Perhaps, in a wider sense, this signals that separatist radicalism is no longer wanted by most Maori voters – that indeed they want to be a part of New Zealand, not separate from New Zealand.
There are, in fact, 29 MPs in the new Parliament who have disclosed Maori ancestry – almost a quarter of Parliament. Maori make up only 14% of the New Zealand population, but they now have 24% representation in Parliament.
The Media Play
Labour’s startling rise in the polls, was largely driven by the media. The extraordinarily positive publicity they gave to Labour’s new leader day after day would have dramatically elevated the profile of any party. In fact, it was not days, but weeks before adulation finally gave way to the proper scrutiny of election promises as a focus of news. It was only then that the election battle could really begin.
As could be expected, tax dominated the campaign as the single biggest differentiator of the approach of the two major parties: Labour wanted to cancel the tax cuts and introduce a raft of new taxes to fund their spending programme, while National wanted to reduce taxes and fund their election promises through prudent fiscal management.
Labour again ignored the sage advice of their former leader David Lange, that a Capital Gains Tax is a tax you introduce if you want to lose not one election, but the next three elections.
Taxes, Taxes, Taxes
With Labour having already lost the previous two elections in which they strongly promoted a Capital Gains Tax, it remains to be seen whether the words of the former Prime Minister will prove to be prophetic and they will lose this third election as well.

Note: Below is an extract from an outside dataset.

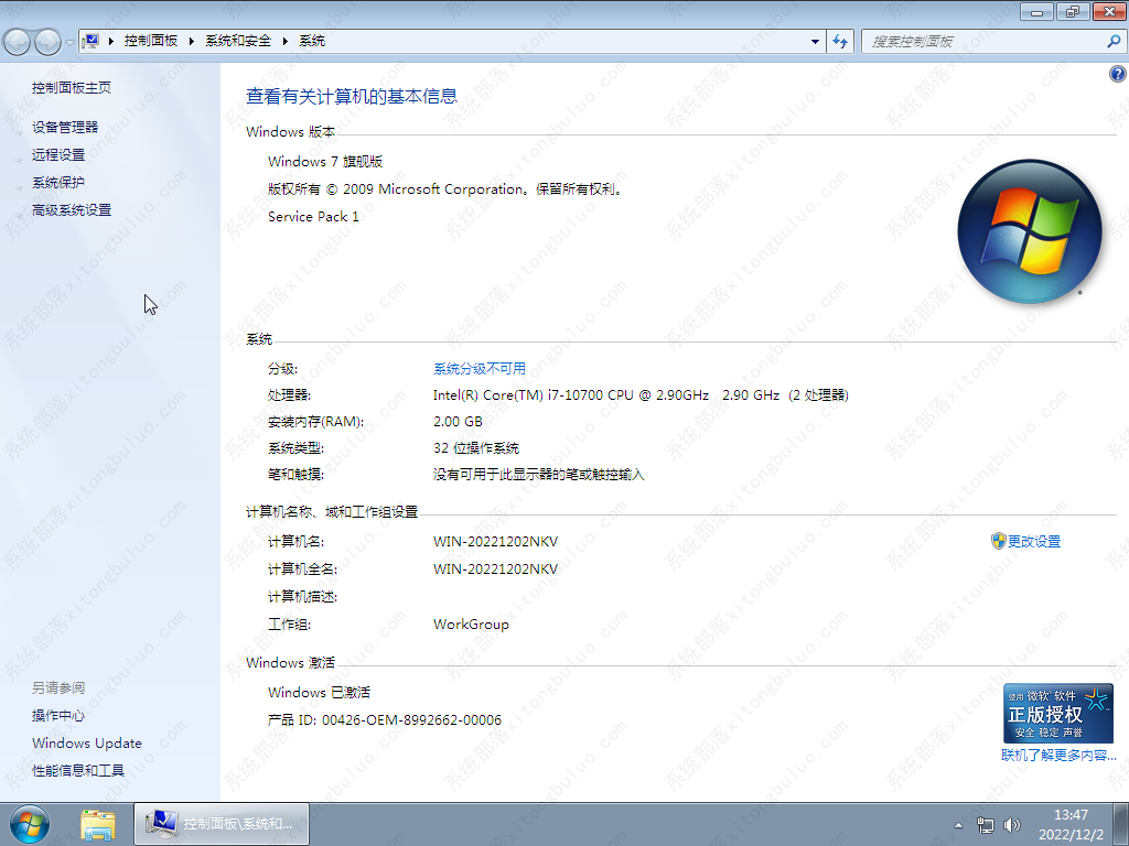 win7 32低配版针对老旧电脑型号,以原版Windows7 x86镜像为核心,通过适当优化从而提升各方面的速度,同时减少了各硬件如CPU同,内存,硬盘的占用,整体流畅不卡顿。添加了最新的驱动程序与运行库,安装后自动删除,不占空间,无需激活安装后即可使用,欢迎体验。

With the public now rejecting a Capital Gains Tax at three general elections – it is hoped that Labour will finally learn to listen to the voice of the people.
There is much water to go under the bridge before our new government is announced, but despite all the ups and downs, we should not lose sight of the importance of elections and the value of democracy. When we vote, each and every one of us is making a difference. It is now up to those that we have elected into office to do the right thing and deliver us a new government that is capable of running the country well, as we face the uncertainties of the global future that lies ahead.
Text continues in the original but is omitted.